Overlooked Tax Deductions
The wealthy often pay a low percentage of their income in taxes, because they can afford to hire the best tax experts. These experts are often knowledgeable about provisions in the tax code that allows for tax write-offs and deductions with which a lay person might be unfamiliar. If you cannot afford the services of tax experts, you can still benefit from these provisions by developing an understanding of the requirements that apply. The following are a few that are often overlooked:
Nonbusiness Bad Debts
If you make a personal nonbusiness loan and you are unable to collect the amount, you may be able to claim a deduction for the amount for the year that the debt becomes completely worthless. This does not apply to amounts that can be considered gifts instead of loans, and as such, there must be evidence that there was an understanding between you and the borrower that the amount was expected to be repaid. For instance, a written enforceable agreement, outlining the repayment terms of the loan. This provision is limited to amounts in which you have basis because it was included in your income. Other nonbusiness bad debts for which you may be eligible to claim a deduction include:
Mechanics’ and Suppliers’ Liens
This applies if you paid off a lien placed against your property by material suppliers because of debts owed by a builder or contractor, and you made the payment so as to avoid foreclosure and loss of your property. If you are unable to get repayment from the builder or contractor, you can take a bad debt deduction for the amount.
Insolvency of Contractor
Amounts that you paid as a deposit to a contractor which has since become insolvent are deductible if you are unable to recover your deposit.

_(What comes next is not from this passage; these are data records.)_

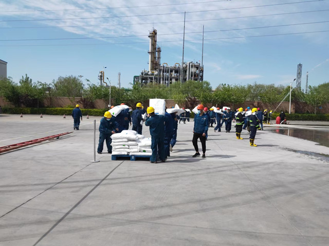 當天演練中,在當班值長指揮下,各救援分隊快速到達“火警現(xiàn)場”,根據(jù)分工展開“應急救援”。保衛(wèi)科分隊滅火“壓制火勢”,家紡成品車間分隊救援“被困人員”,物資管理部分隊“搶救物資”等等。
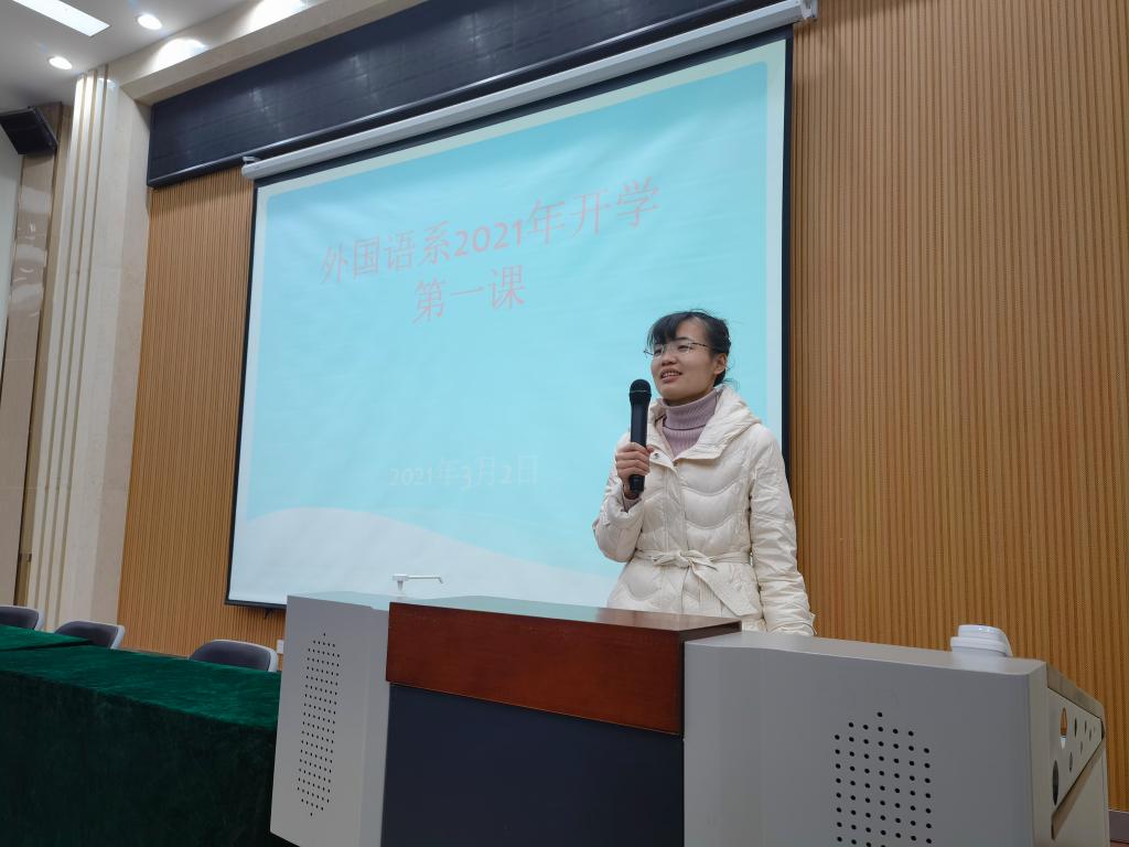 3月2日晚,外国语系2021年春季学期“开学第一课”在3号楼报告厅顺利进行。2018级、2019级及2020级学生分别参加学习,系党总支副书记许言强主持,各年级辅导员参加了活动。
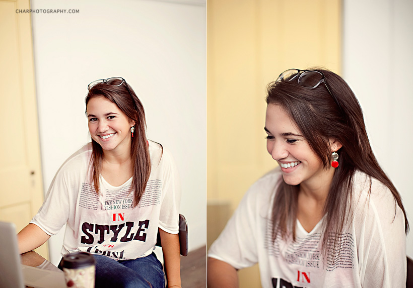 First of all, this is Lindsay. She is awesome. Happy-go-lucky and I think she might just skip through life. She assisted me on many shoots this past summer. She always showed up with a huge grin and a willingness to get right in there. She held the reflector and helped me carry gear. Helped with outfit decisions….scarf good or bad? Which earrings? Should this hat be worn this way…or this way? We lugged dressers up hills and swatted at mosquitos.(;. Lindsay is dedicated. She often drove an hour to meet me on shoots. Lindsay first contacted me by email. She told me she was hoping to intern with a photographer for her senior project. I was immediately impressed by her polite and professional email. When I met with her, I knew Lindsay was perfect for me.
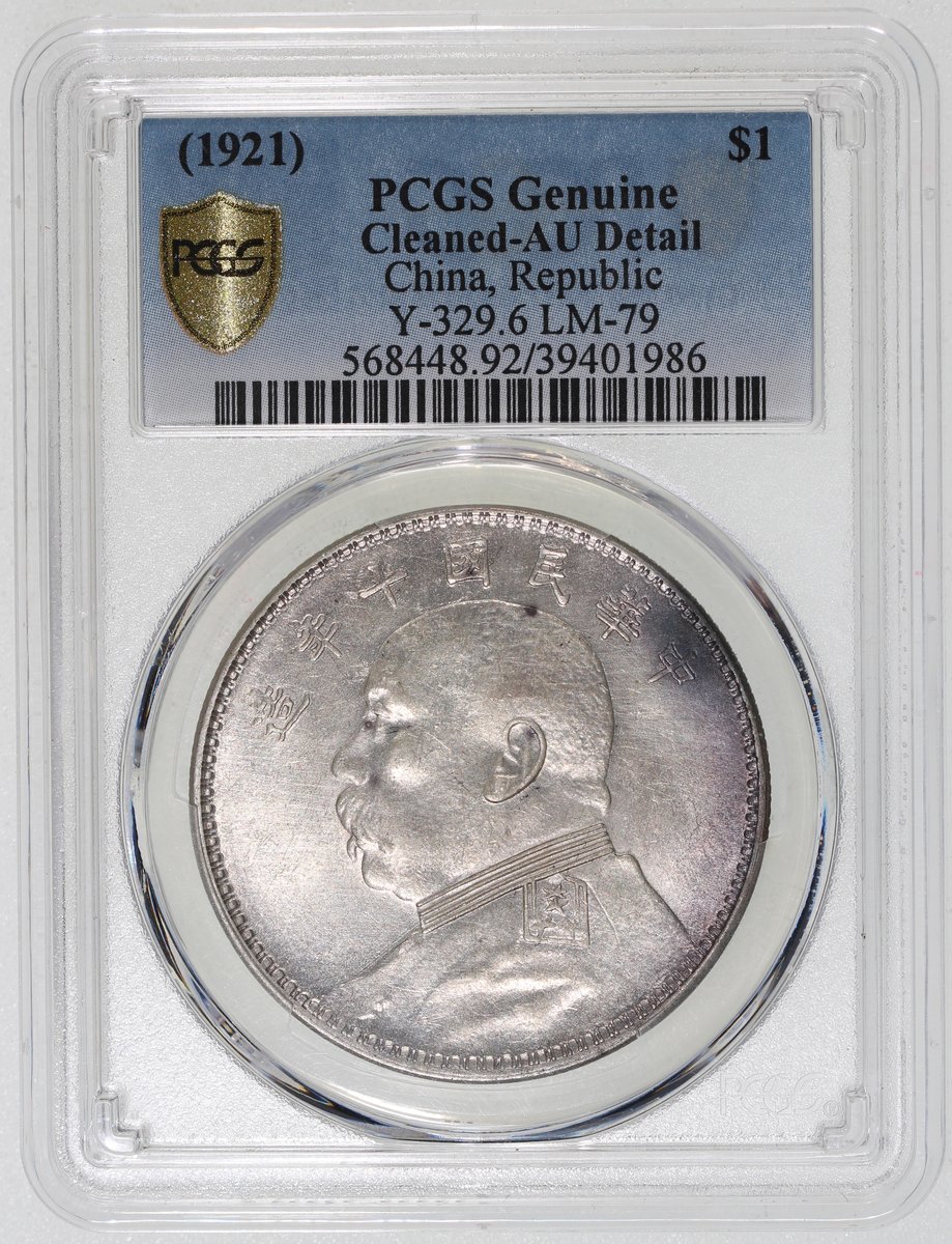 民國十年袁世凱像壹圓銀幣,T點年版,PCGS AU Detail,有清洗
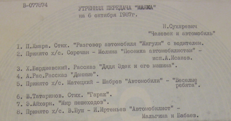 Утренняя передача Маяка (Человек и автомобиль зап.87г)
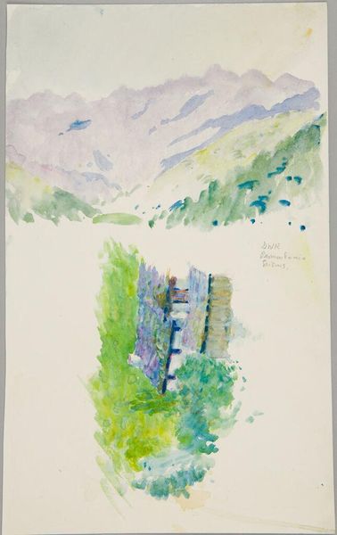 Editor: This watercolor is called "Huts on the Side of a Mountain, Serravalle, Italy," by Denman Waldo Ross. I’m really drawn to the way the washes of color create a dreamlike, almost hazy effect. What story does this painting tell, in your opinion? Curator: It's fascinating how Ross uses watercolor to depict not just a scene, but also a feeling. How do you think the choice of such a light medium, watercolor, affects our perception of the Italian landscape being represented? Editor: It definitely makes it feel less permanent, more like a fleeting moment, something captured in time. Curator: Exactly! And consider the historical context. Travel was becoming increasingly accessible. Could this be interpreted as a picturesque souvenir, reflecting the romanticism associated with the Grand Tour, but made more accessible to a burgeoning middle class? Editor: I hadn't considered it that way. It makes you wonder about the politics of whose landscape gets represented and how. Curator: Precisely. We’re not just seeing a mountain; we're seeing a carefully constructed image for a particular audience. Editor: I’ll definitely look at landscape paintings differently now.
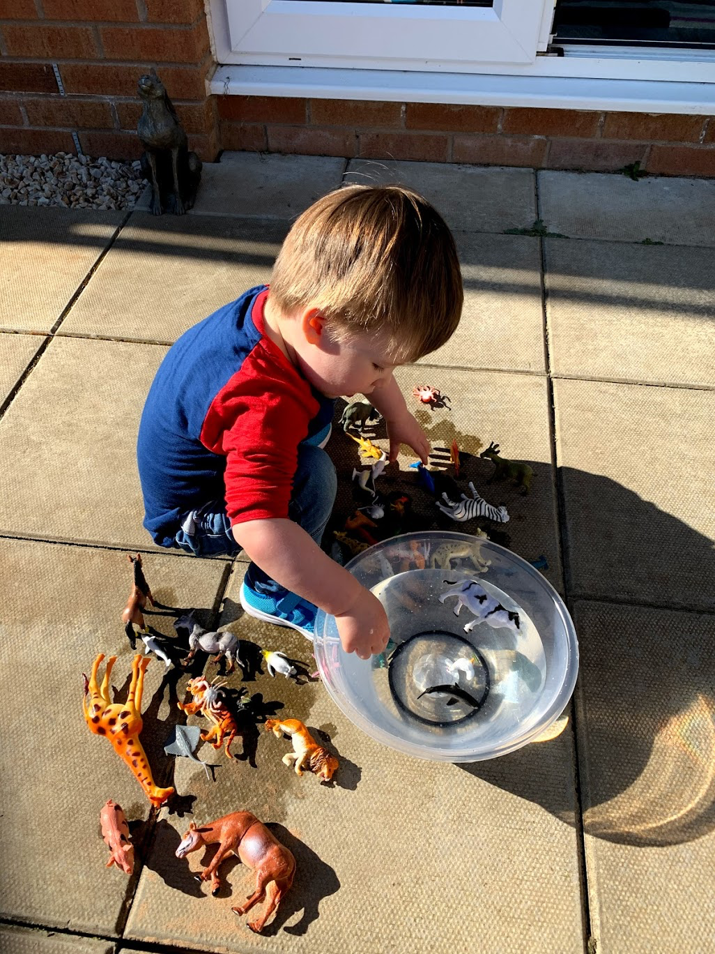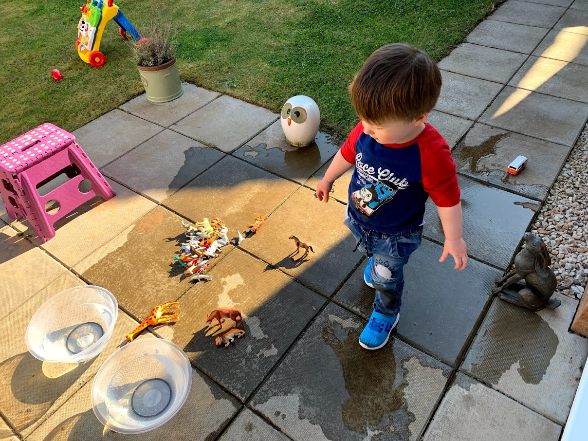 We revisited this activity many times throughout the week, also adding in Robbie’s other toy animals, inside and outside. The best part of outside water play is being able to spill the water out everywhere and jump in the puddles though.
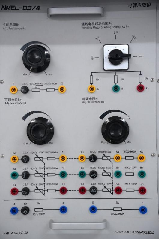 其中,可调电阻箱是实验台核心负载与参数调节部件,主要包含单相可调电阻、三相可调电阻和固定电阻,可通过旋钮调节阻值,适配直流发电机、变压器、异步电机等多种实验场景,既能作为负载实现不同工况下的特性测试,又能为绕线电机起动提供分级电阻以限制起动电流,还可通过串并联组合调整电路阻抗与电流参数,满足各类实验的条件设定需求。

Secondary Liability on Home Mortgage
You may be eligible to take a bad debt deduction for amounts that you paid to satisfy a mortgage, if:
- You entered a transaction wherein someone assumes your mortgage, instead of the home being sold outright
- you remain secondarily liable for repayment of the mortgage,
- the buyer defaults on the loan,
- the house is sold for less than the amount outstanding on the mortgage,
- you paid the difference between the sale price and the outstanding mortgage amount and
- you are unable to collect the amount you paid from the buyer.
Be sure to keep track of any future repayments that you receive for nonbusiness bad debts for which you claimed a deduction, as you may be required to include those amounts in your income.
Damages for Breach of Employment Contract
If you paid a former employer damages, because you broke an employment contract, you can deduct that payment if it is attributable to the pay you received from that employer.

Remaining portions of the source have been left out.